Phytophthora (pronounced fy-TOFF-thora) is a silent killer in our midst with the potential to have devastating impacts on ecosystems. It is a water mould that survives in water, soil and plant roots and kills plants by attacking and rotting their roots. This killer can also impact on native animals, including marsupials, birds, reptiles and insects, by reducing or eliminating vegetation they rely on for survival.
This disease kills plants and infection is permanent. We can help by:
- Keeping it out
- Limiting the spread and
- Reducing the impact, using
- Quarantine and
- Treatment of infected plants.
Phytophthora is spread naturally in water and via infected roots, and faster and further by humans moving contaminated soil or plant material. It can remain dormant for long periods during dry weather and is virtually impossible to remove from infected areas. So we can only limit its spread by managing water and soil movement.

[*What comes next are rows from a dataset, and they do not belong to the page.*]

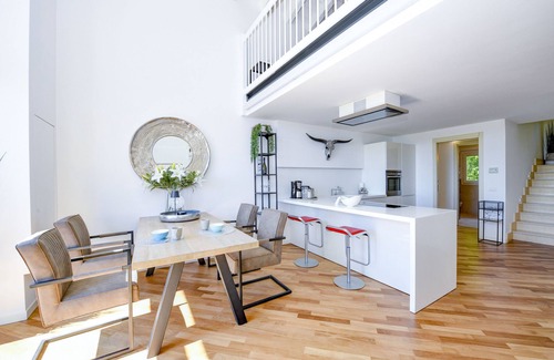 LA TORRETTA is a beautiful, high-quality gallery apartment on two floors (3rd and 4th), ideal for two people, completely renovated, furnished with love and offers abreathtaking lake view to Sirmione.Ideal for a relaxing holiday, home office with a fantastic view or an active holidaywith hikes or bike rides in the beautiful surroundings.A riding stable is also in the immediate vicinity.The bright apartment is accessible via an elevator.A large pool is available all year round, including two sun loungers and a parasol.The residential complex is very well maintained, in a quiet location.The front door takes you into the large living room with a closed wardrobe,large L-couch, large flat screen TV (with international programs) and soundbar,a large dining table (200 x 90), fully equipped kitchen with oven, four ceramic hobs, fridge with freezer compartment, dishwasher, coffee machines (German coffee machine and Nespresso), kettle and toaster.From the living room you can access the cozy south-facing balcony with two rattan armchairs including cushions, a small table and an electric sun awning.With a view over the well-kept complex, the beautiful pool, the olive grove to Lake Gardayou can enjoy your breakfast in the morning sun or your evening Aperol Spritz with a view of the twinkling lights.Behind the kitchen there is a small hallway with a closet equipped with:Cleaning utensils, ironing board and iron, as well as a drying rack.Through the hallway you reach the completely renovated bathroom, equipped with:Sink, shower, toilet, bidet and washing machine, make-up mirror with magnifying anda hair dryer. The large mirror is provided with indirect LED lighting, which is equipped with aRemote control can be controlled individually.A stone staircase takes you to the walk-in closet on the mezzanine floor.If necessary, you will find a cordless vacuum cleaner there.Further down the stairs you reach the study on the left, with a work table,a comfortable sofa bed and a great view over the gallery to the complex with pool.Next to it is the bedroom with a double bed (high quality mattress 170 x 200), flat screen TV with soundbar and shelves.From the bed you have a breathtaking view of the lake.If you prefer to sleep in the dark, you can draw the lightproof curtain.The entire apartment is equipped with stable WiFi and German/Italian sockets, as well as air conditioning in all rooms for cooling or heating.The residential complex in which the apartment LA TORRETTA is located is just outsidefrom Puegnago del Garda - idyllically located in the olive grove - between Manerba and Salò.Lake Garda and the Rocca di Manerba, probably the most striking rock on the south-west of Lake Garda,can be reached in 10 minutes by car.Supermarkets, bakers, butchers, cafes and restaurants are in the immediate vicinity.A wonderful place to feel good, relax - for DOLCE VITA on the beautiful Lake Garda.It is strictly forbidden to charge the electric car with the house electricity.the accommodation is for a maximum of 2 people including infants. We never accept more people than 2..
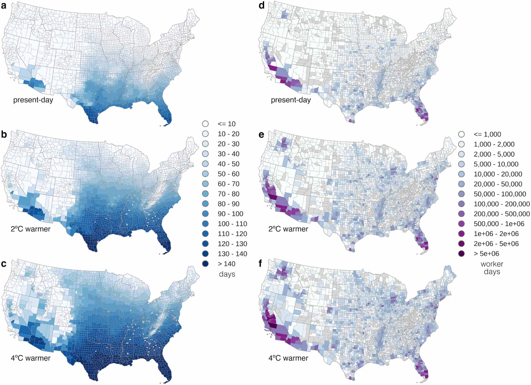 Figure 4. Present-day and projected worker exposure to unsafe heat levels. (a)–(c), number of days each summer (MJJAS) that the daily mean Heat Index exceeds the baseline Threshold Limit Value (83.4 °F; see Methods) for (a) present-day observed (1979–2013), (b) projected with 2 °C of global annual mean warming, and c projected with 4 °C global annual mean warming (see Methods); (d)–(f), as (a)–(c) but showing number of worker days, based on present-day crop worker employment levels (figure 1). Note the nonlinear color scale for the number of worker days. Counties with no employment data or that contain no climate data grid centers are shown as missing values in gray.
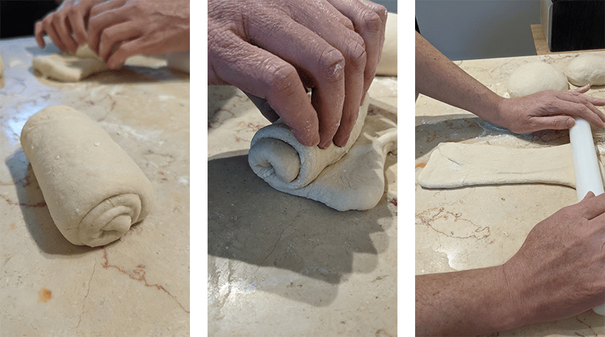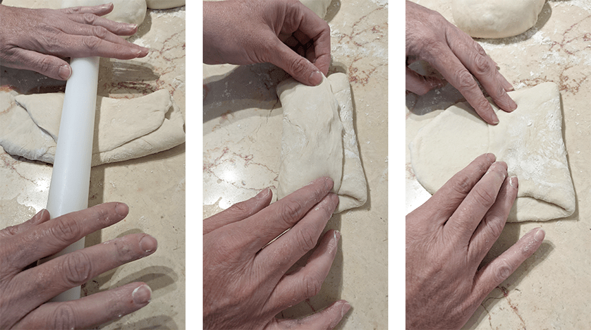 מרדדים כל כדור למלבן בעובי ½ ס"מ, מקפלים את צידו הצר של המלבן כלפי המרכז ואת הצד שני מעל הצד הראשון. מסובבים את המלבן כך שצידו הצר מולנו וקו התפר פונה הצידה, מרדדים לאורכו לעובי ½ ס"מ.
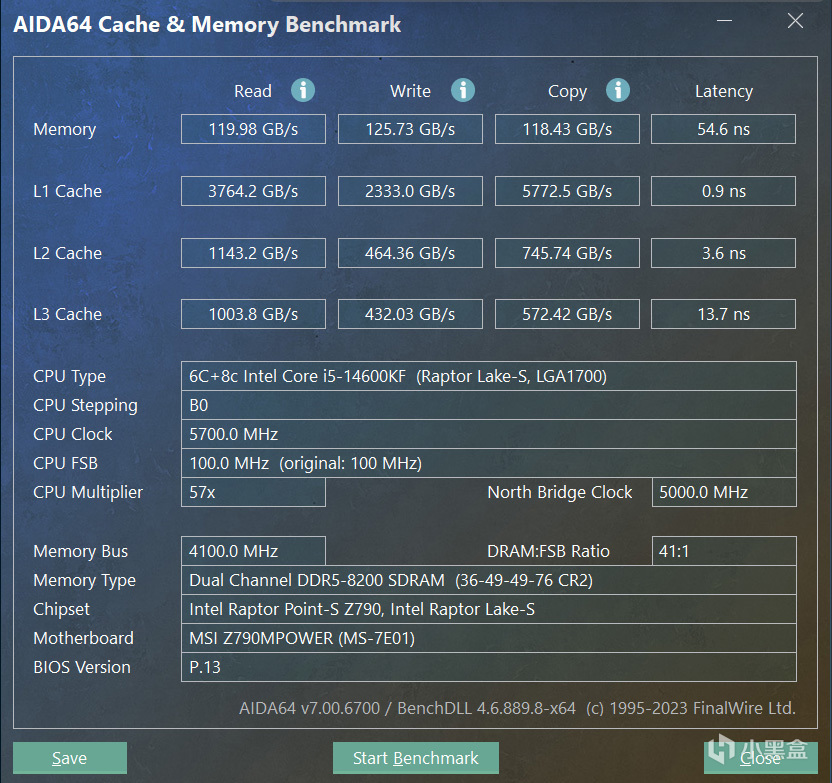 金百达白刃RGB DDR5 7600 XMP超频,AIDA64内存和缓存测试
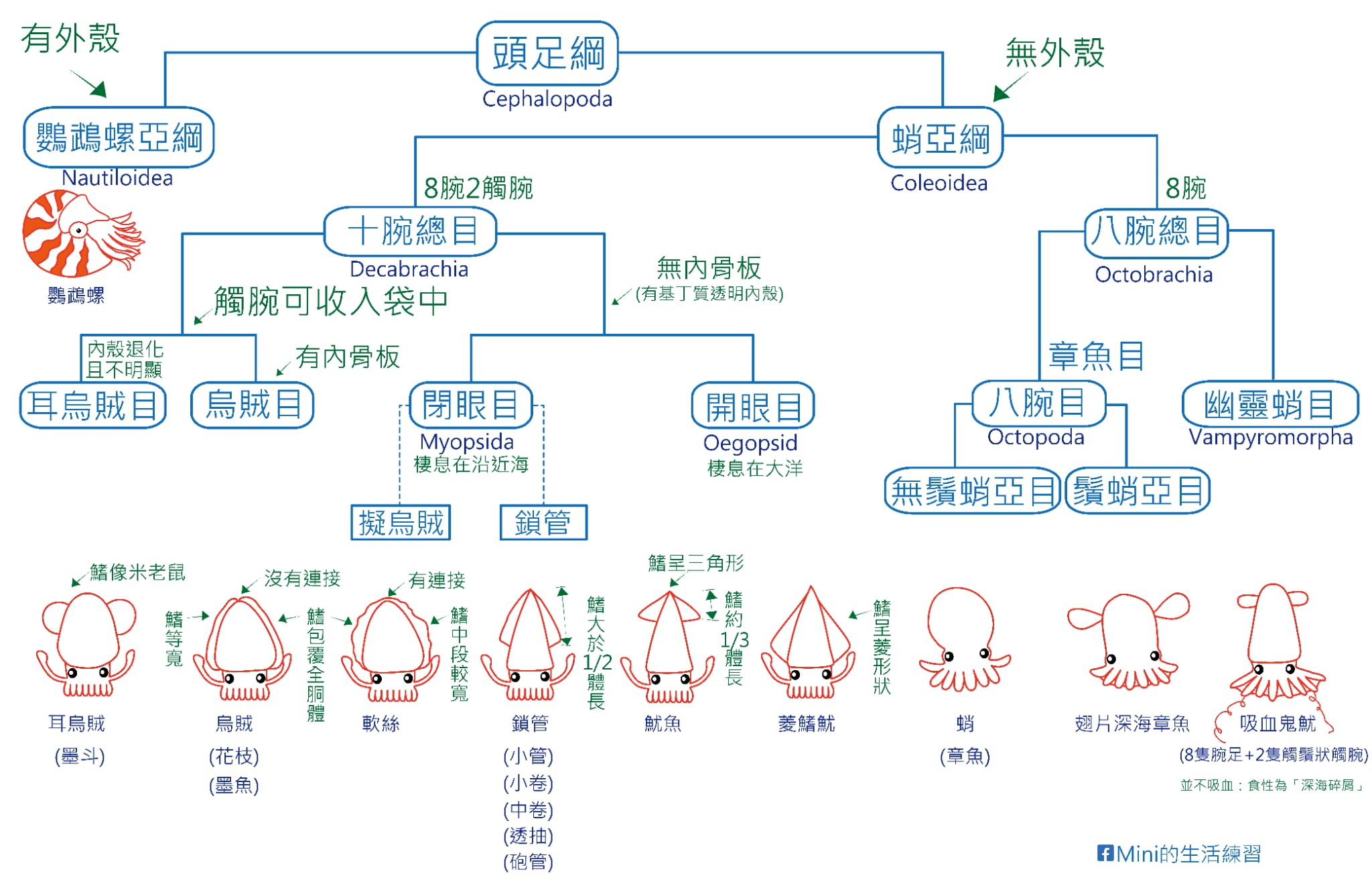 ( 頭足類簡要分類圖 圖/Mini的生活練習提供 )
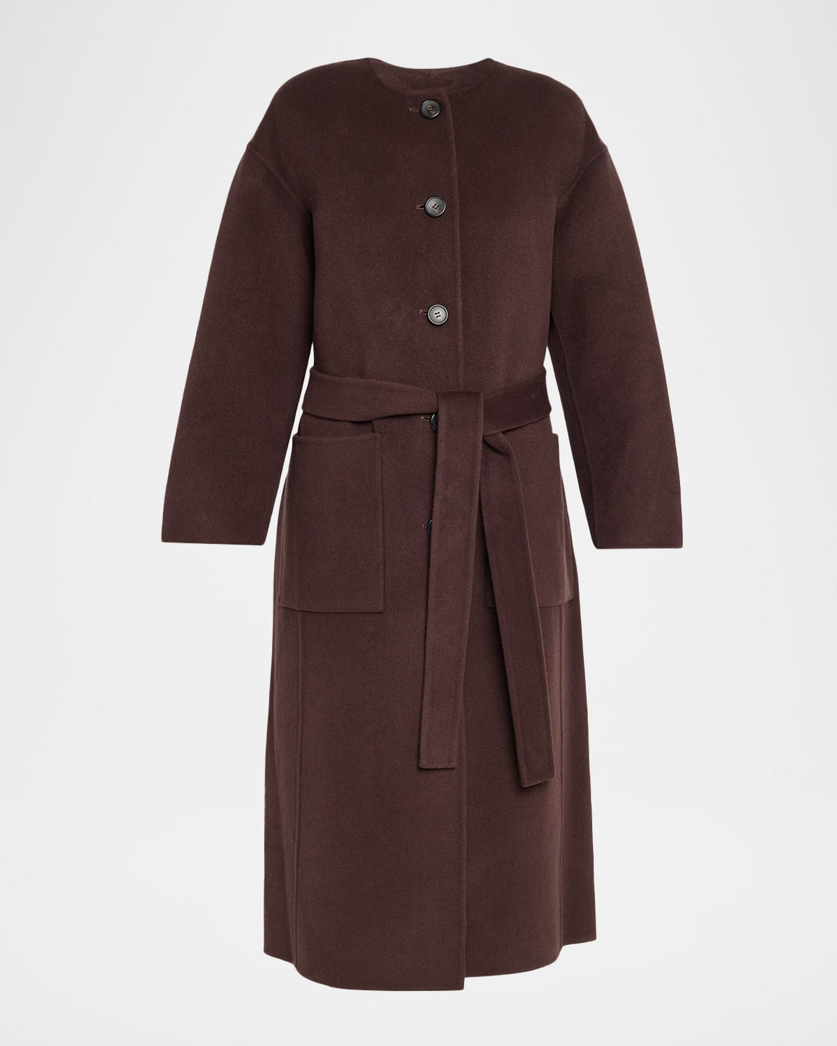 Crafted in doubleface wool, the "Fernanda" coat by Ulla Johnson is accented with an adjustable selftie belt to cinch the waist and add shape. Round neckline Singlebreasted front Dropped shoulders Long sleeves Patch pockets Relaxed fit Walking vent Buttonfront Wool/acrylic Dry clean only Imported
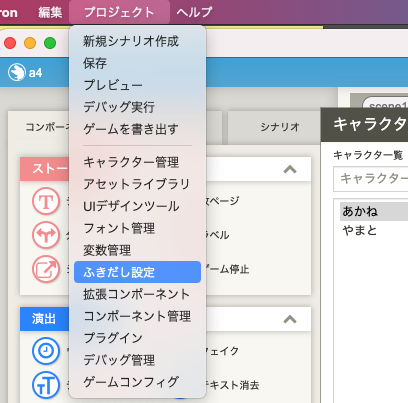 続いて、ふきだし設定画面を開きます。画面上部のプロジェクト-ふきだし設定をクリック
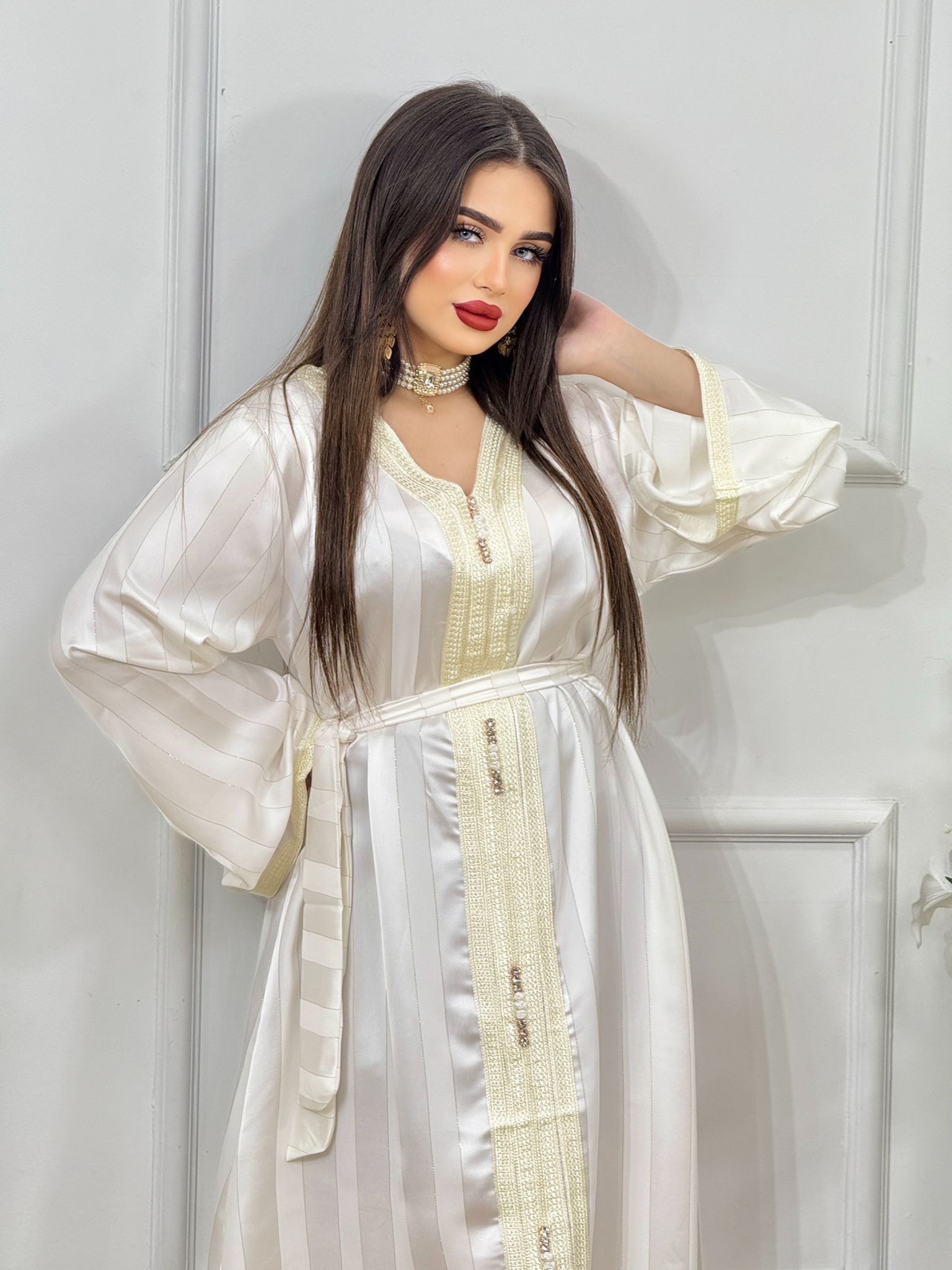 Découvrez le Caftan JAWHARA, un modèle élégant et minimaliste conçu pour sublimer toutes vos occasions. Sa coupe légère et fluide, rehaussée d’un tissu légèrement satiné, offre un confort optimal tout en apportant une touche raffinée. Livré avec une ceinture assortie, il permet d’ajuster parfaitement la silhouette. Disponible en trois tailles : M/L, L/XL et XL/XXL, ce caftan allie simplicité et sophistication avec expertise.
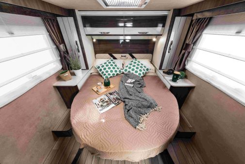 Venons enfin à la chambre. Positionnée logiquement en partie arrière, elle comporte un lit king size de 190 x 150 cm. Sa hauteur est réglable de manière à faire varier le volume de la soute garage que ce couchage surmonte. Le matelas, conçu dans une mousse haute densité, repose sur un sommier à lattes. Cette combinaison assurant un maximum de confort aux occupants.
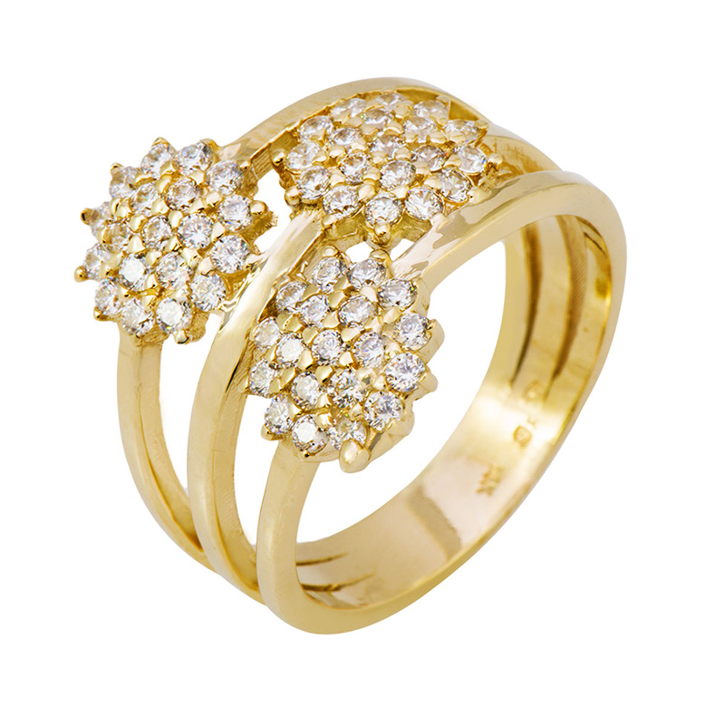 טבעת זהב צהוב 14K משובצת שלשה עיגולים שיבוץ שיניים.
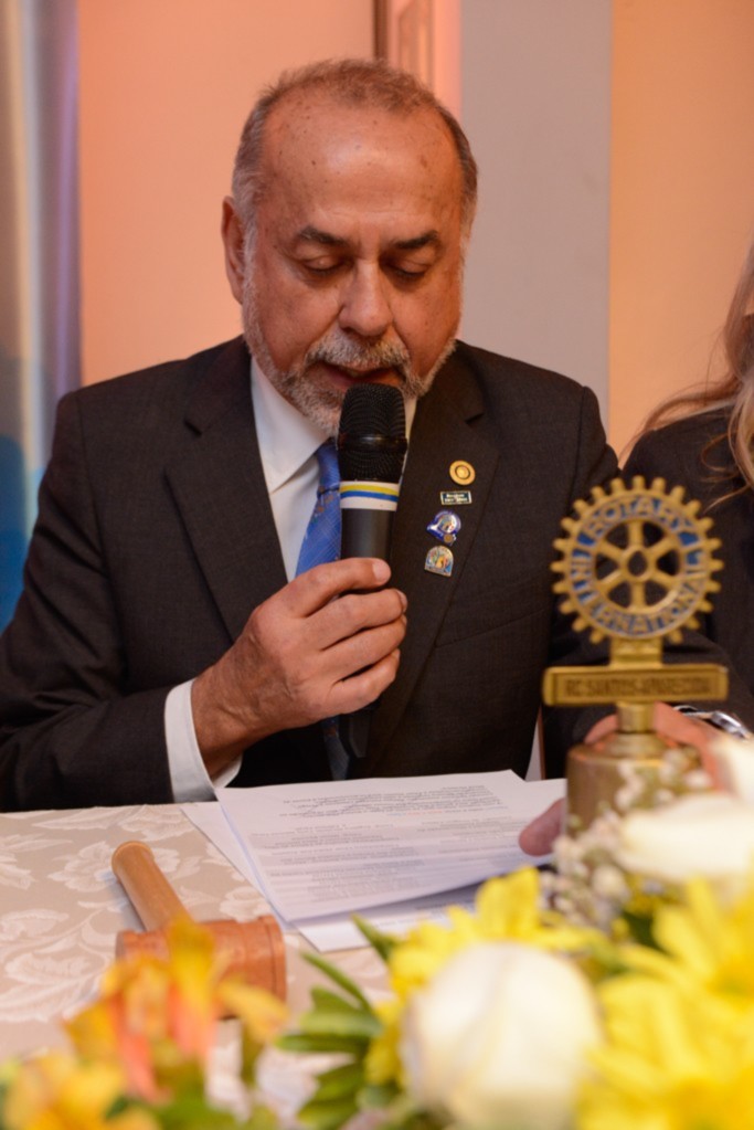 DISCURSOS - Na despedida da presidência, César Antelo destacou o bom combate que é travado em nome de nossos sonhos. Ele também mencionou o resultado da recente ação do Rotary Santos-Aparecida que arrecadou mais de uma tonelada de alimentos para a Sociedade São Vicente de Paulo. A necessidade de vencer, supera as impossibilidades. Também destacou o trabalho de Angélica Nicoletti na realização da festa. Destaco em particular a capacidade fantástica de agregar, liderar e fazer acontecer da Angélica, ao se referir à organização do evento e ao número de convidados presentes.
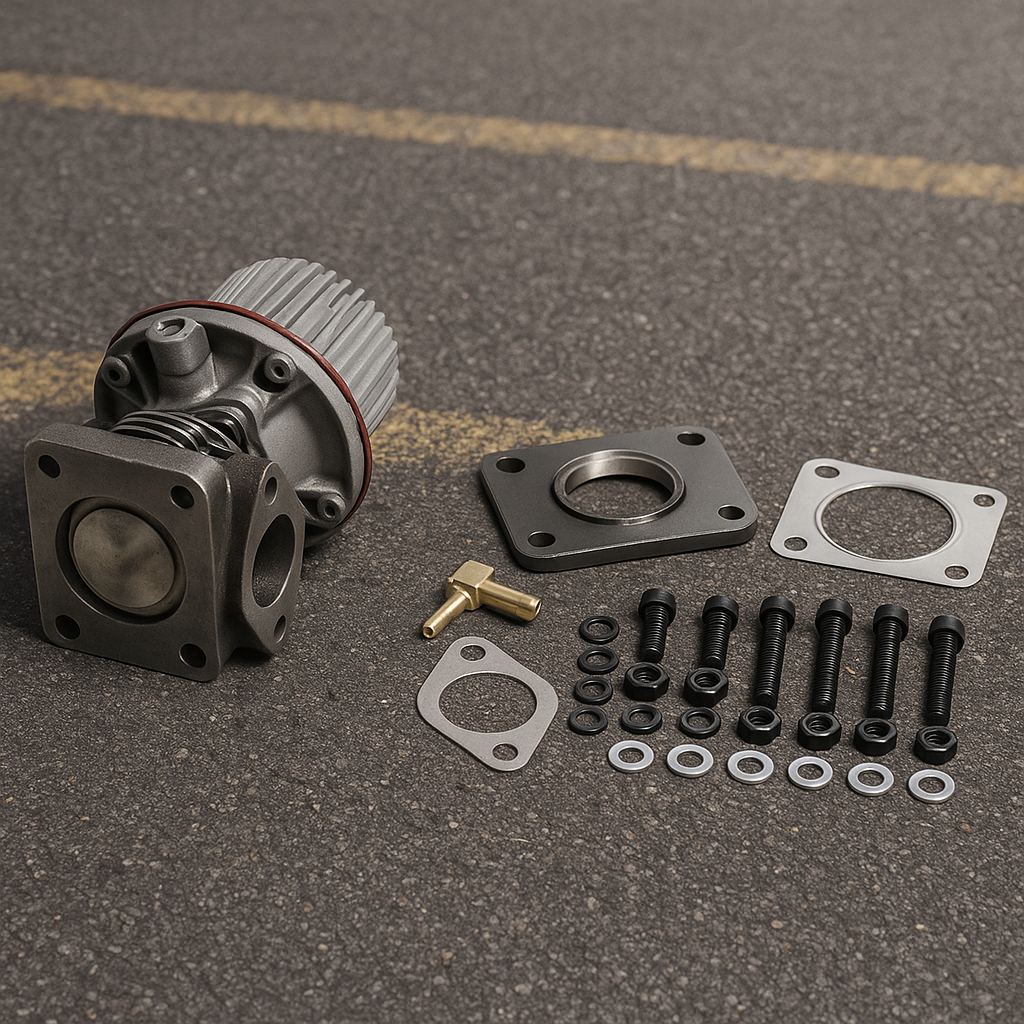 Kraftig 38 mm wastegate med køleribber og 0,55 bar basistryk. Tåler ca. 1000 °C. Komplet sæt med svejseflanger, pakninger, bolte og møtrikker.

The five strategies approach below has been developed to manage Phytophthora Dieback in natural areas and is explained in our brochure, which is available to download. Use this strategy to understand the steps required to manage Phytophthora Dieback and the reference section for more details.
The five strategies are:
- Understand Phytophthora Dieback
- Assess for risk of disease
- Adjust work practices to reflect risk
- Inform all staff, contractors and visitors and
- Treat infections.
Further details are available in Management of Phytophthora cinnamomi for Biodiversity Conservation in Australia, a document prepared for the Department of Environment and Heritage in 2006.